Eye AF yang Lumayan Akurat
Fitur Eye AF memang bukan versi paling canggih seperti kamera Sony terbaru, tapi sudah cukup membantu buat portrait. Terkadang suka miss kalau kondisi cahaya kurang, tapi untuk harga dan usia kamera, performanya tetap patut diacungi jempol.
Kualitas Video Sony A6000
Masih Bisa Buat Konten, Tapi Bukan yang Terbaik
Kamera ini bisa merekam video Full HD 1080p di 60fps. Kualitas videonya lumayan tajam, warnanya enak di lihat, dan AF-nya cukup stabil. Tapi, kalau kamu cari kamera khusus untuk video atau kebutuhan konten profesional, mungkin akan merasa terbatas.
Tidak adanya perekaman 4K menjadi salah satu poin minus terbesar, mengingat sekarang 4K sudah jadi standar baru untuk videografi.

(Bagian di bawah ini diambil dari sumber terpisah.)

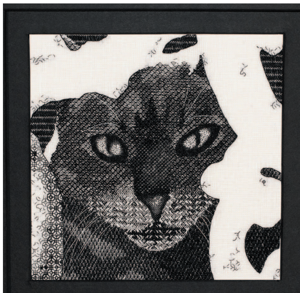
«Кот, смотрящий сквозь решетку», учебная работа Джен Гудвин, 2001 г. На изнанке негативного пространства изображения решетки заметны тянущиеся нити. Их можно было легко удалить перед оформлением

ных образчиках показаны крупные четкие узоры в сочетании со сплошными геометрическими фрагментами и художественной штопкой, комбинированной с элементами золотого шитья. Можно сказать, что эти образцы демонстрируют промежуточный этап дальнейшей эволюции блэкворка. В них явно чувствуется влияние исторической вышивки, но выглядят они уже гораздо более современно. В 1960-х гг. этот новый стиль продолжил свое развитие, когда стали использовать нити различной толщины и по-разному экспериментировать с ними. Этим новым витком своего развития техника блэкворк обязана нескольким мастерицам из Гильдии вышивальщиц, прежде всего Мойре МакНил и Элизабет Геддес, издавшим в 1965 г. книгу «Блэкворк». Такой принцип был позднее

Tidak Ada Mic Input Eksternal
Ini yang sering bikin orang berpikir dua kali: Sony A6000 nggak punya port untuk mic eksternal. Jadi kamu harus mengandalkan mic internal atau rekam audio terpisah. Buat vlogger kasual sih masih oke, tapi bagi yang mengejar kualitas audio bagus, ini bisa jadi kekurangan signifikan.
Fitur Tambahan Sony A6000
Viewfinder Elektronik yang Cukup Bagus
EVF-nya punya 1.44 juta titik. Memang bukan yang paling tajam, tapi masih nyaman di pakai untuk komposisi dan mengecek exposure. Refresh rate-nya juga cukup stabil.
Built-in Wi-Fi & NFC
Kamu bisa transfer foto langsung ke HP tanpa ribet pakai kabel. Meski aplikasinya kadang terasa lambat, fitur ini tetap sangat membantu buat upload foto cepat ke sosial media.

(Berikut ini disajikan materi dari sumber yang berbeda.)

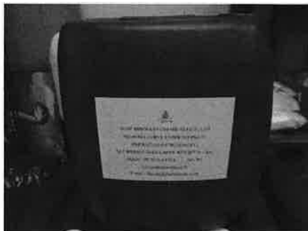
กลีเซอรินแบบถังเล็ก 30 Kg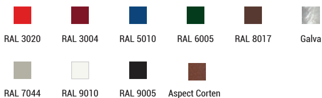
Réf. 529451 + 529455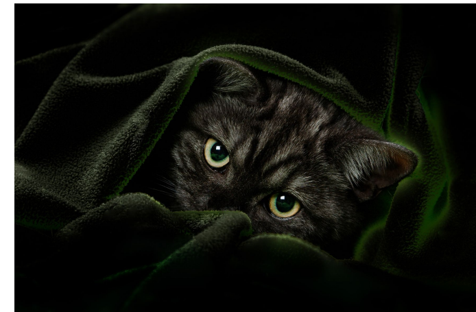
„cat eyes“ Medaille Landesfotomeisterschaft 2011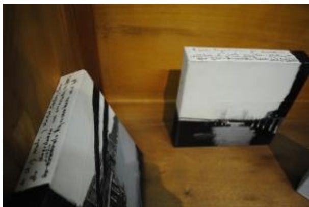
Guillermo Masedo 40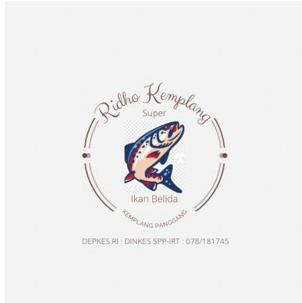
Gambar 2. 10 Pembuatan Inovasi Logo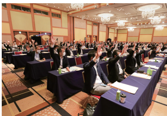
日本生協連 72回通常総会の様子。全議案を賛成多数で可決しました(関連記事はP2を参照)

Baterai yang Tidak Terlalu Tahan Lama
Baterainya cuma bertahan sekitar 300–350 jepretan. Buat penggunaan sehari penuh, kamu wajib punya 1–2 baterai cadangan. Tapi untungnya baterai charger-nya murah dan mudah di temukan.
Kelebihan Sony A6000
-
Kualitas foto masih sangat baik di kelasnya
-
Autofocus cepat dan responsif
-
Ringan dan cocok di bawa traveling
-
Harga sangat ramah di kantong
-
Punya banyak pilihan lensa E-mount
-
Performa burst shooting 11 fps yang kencang
-
Transfer foto mudah dengan Wi-Fi
Kekurangan Sony A6000
-
Tidak mendukung perekaman 4K
-
Tidak ada port mic eksternal
-
Baterai boros
-
Layar belakang belum touchscreen
-
Kualitas video tidak sebaik model Sony yang lebih baru
Apakah Sony A6000 Masih Worth It di 2025?
Menurutku, iya, masih sangat worth it, tapi tergantung kebutuhanmu. Kalau tujuanmu adalah fotografi, baik untuk hobi, belajar, traveling, atau bahkan keperluan kerja ringan, A6000 masih jadi salah satu pilihan terbaik di harga 6–8 jutaan. Performanya stabil, kualitas foto bagus, dan lensanya banyak.
Mencari mesin slot yang gacor dan memberikan kemenangan lebih sering? Gunakan informasi tentang RTP Slot Gacor dan rtp live slot gacor untuk menemukan permainan terbaik yang memberikan pengembalian tertinggi.
Tapi kalau fokus kamu adalah videografi, terutama 4K, audio bagus, dan kebutuhan profesional, kamu mungkin butuh kamera yang lebih modern seperti seri Sony A6400 atau A6600.